__Directions__
Where the line containing "گره و جوش درخت" appears, start repeating, and continue exactly through the last line below, adding nothing. Include no pictures.
= = =
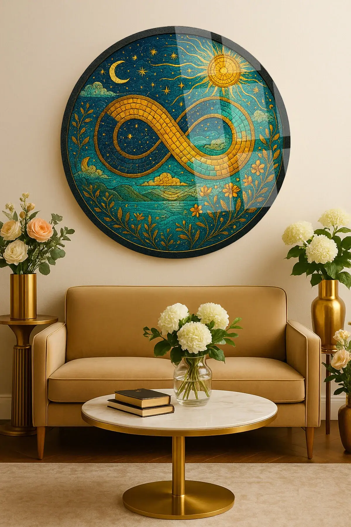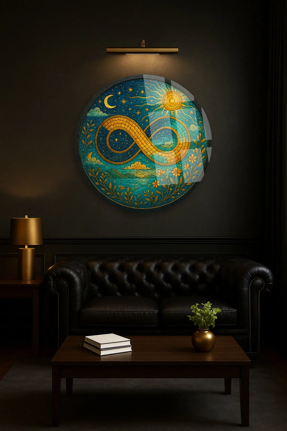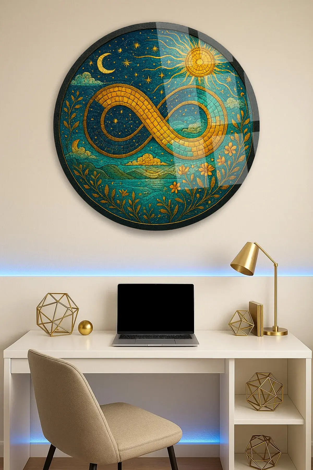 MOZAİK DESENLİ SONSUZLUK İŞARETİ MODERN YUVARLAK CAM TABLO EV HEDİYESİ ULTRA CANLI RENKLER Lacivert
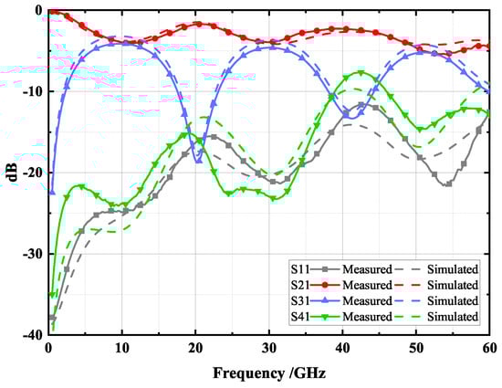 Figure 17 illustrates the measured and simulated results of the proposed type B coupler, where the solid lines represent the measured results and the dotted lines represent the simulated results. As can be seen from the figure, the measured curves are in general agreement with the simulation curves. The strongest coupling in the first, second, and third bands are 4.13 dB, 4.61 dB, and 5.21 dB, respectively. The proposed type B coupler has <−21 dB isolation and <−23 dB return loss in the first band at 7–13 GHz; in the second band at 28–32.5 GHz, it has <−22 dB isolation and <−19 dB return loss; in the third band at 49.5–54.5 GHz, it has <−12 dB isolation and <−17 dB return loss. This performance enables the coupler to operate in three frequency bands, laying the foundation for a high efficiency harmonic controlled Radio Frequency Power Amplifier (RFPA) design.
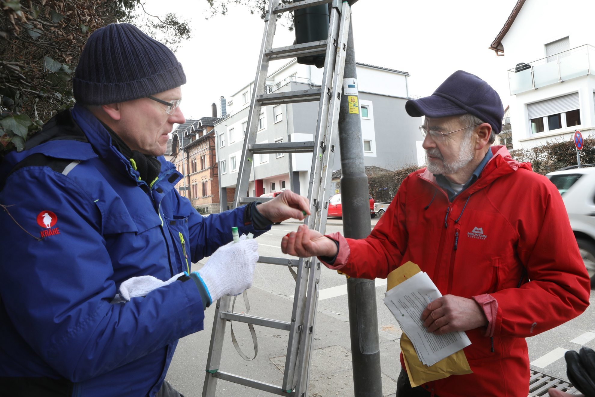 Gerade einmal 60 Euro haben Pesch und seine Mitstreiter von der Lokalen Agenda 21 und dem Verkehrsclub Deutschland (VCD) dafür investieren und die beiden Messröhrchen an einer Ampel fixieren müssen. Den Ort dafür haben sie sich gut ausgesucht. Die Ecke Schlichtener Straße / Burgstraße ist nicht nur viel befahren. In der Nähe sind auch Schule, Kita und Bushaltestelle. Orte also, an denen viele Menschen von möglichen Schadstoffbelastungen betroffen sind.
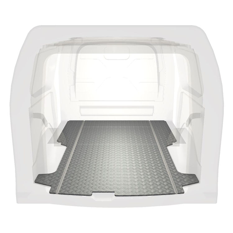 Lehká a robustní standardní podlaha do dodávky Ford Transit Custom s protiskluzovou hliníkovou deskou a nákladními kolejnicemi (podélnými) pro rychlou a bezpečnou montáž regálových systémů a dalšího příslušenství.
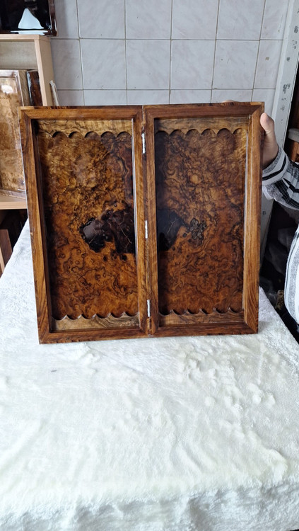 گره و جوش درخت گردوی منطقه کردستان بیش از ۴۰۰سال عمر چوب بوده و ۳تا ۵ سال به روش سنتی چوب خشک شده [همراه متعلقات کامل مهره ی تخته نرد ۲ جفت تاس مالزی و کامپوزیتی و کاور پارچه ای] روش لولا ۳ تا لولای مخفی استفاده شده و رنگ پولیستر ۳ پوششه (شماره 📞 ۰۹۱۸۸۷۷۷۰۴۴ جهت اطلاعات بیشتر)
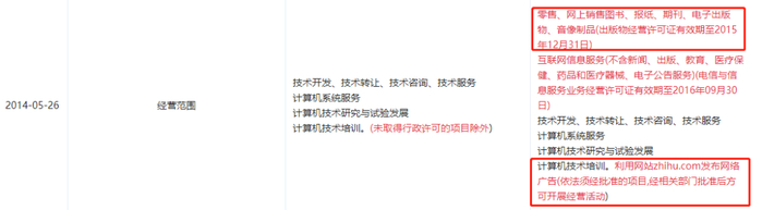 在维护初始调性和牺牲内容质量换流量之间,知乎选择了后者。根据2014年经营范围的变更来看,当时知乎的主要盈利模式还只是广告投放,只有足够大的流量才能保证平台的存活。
= = =
__Solution for this problem__
 گره و جوش درخت گردوی منطقه کردستان بیش از ۴۰۰سال عمر چوب بوده و ۳تا ۵ سال به روش سنتی چوب خشک شده [همراه متعلقات کامل مهره ی تخته نرد ۲ جفت تاس مالزی و کامپوزیتی و کاور پارچه ای] روش لولا ۳ تا لولای مخفی استفاده شده و رنگ پولیستر ۳ پوششه (شماره 📞 ۰۹۱۸۸۷۷۷۰۴۴ جهت اطلاعات بیشتر)
 在维护初始调性和牺牲内容质量换流量之间,知乎选择了后者。根据2014年经营范围的变更来看,当时知乎的主要盈利模式还只是广告投放,只有足够大的流量才能保证平台的存活。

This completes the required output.